There also appears to be a sense of intrigue and prestige in relation to investing in commercial deals. Perhaps, because of their state of the present buying commercial real estate market, it appears investors are trending more toward investing in commercial projects.

Commercial Real estate is Less Competitive

Whenever you consider it from a marketing perspective, most investors target residential property owners, thus making the residential market more competitive. In several arenas, from industry news sources, the Net, all of the "We Buy Houses" signs virtually on every street corner, there are plenty of marketing tactics targeting residential property owners. If you take the same marketing strategies discussed and apply them to commercial real-estate, you will probably find you are the ONLY person contacting these commercial property owners in regards to selling their property. Most commercial properties under $5 million have a tendency to be too large for many residential investors, yet too small for many institutional investors.

Commercial Real estate allows for "Forced" Appreciation

Residential properties are usually valued determined by other comparable properties that have sold within the area and also are similar in features. Should the "comps" for a 3 bedroom/2 bathroom house in a particular neighborhood is roughly one hundred thousand dollars, then your property is probably going to be worth one hundred thousand dollars. It doesn't matter too much if your target property has additional features, or maybe if your house is getting $900 a month in rent rather than the house down the road that is only renting for $700 a month. Things considered, your property will still be valued pretty close to the "comps" of the place.

However, in commercial real estate, the valuation of a property is in accordance with the revenue that the property generates. Essentially, commercial properties will still be subject to the "comps" of the area as it pertains to "How" that revenue is valued when it comes to capitalization rates. Still, the overall premise is that, the more revenue a property generates, the more that property is worth.
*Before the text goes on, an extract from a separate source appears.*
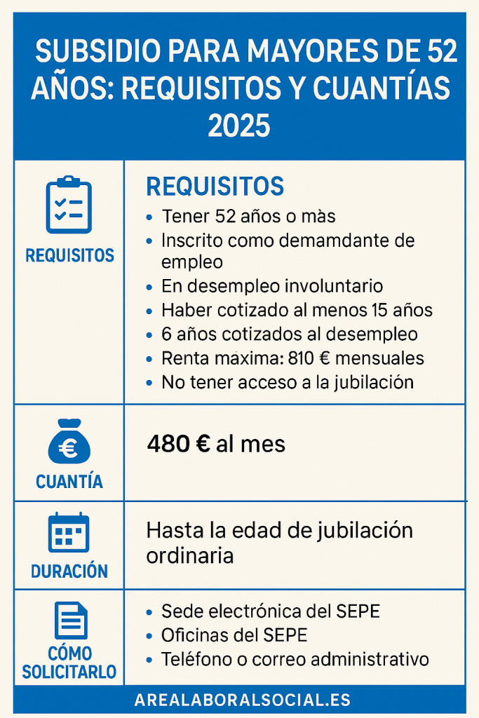 El subsidio para mayores de 52 años en 2025 es una ayuda fundamental si estás desempleado y cerca de la edad de jubilación. Cumplir los requisitos, presentar la solicitud correctamente y mantener tu situación actualizada son claves para conservar esta ayuda durante todo el tiempo posible.

As such, as a way to "force" the appreciation of your commercial property, you will need to seek out additional ways to improve the revenue that the property generates. A small rise in revenue can raise the value of a property significantly determined by the "Cap Rates" within the area for that type of commercial real estate. Unfortunately, with residential real-estate this is not a choice while you really can not force appreciation. Your property will be valued in the general array of the market comps.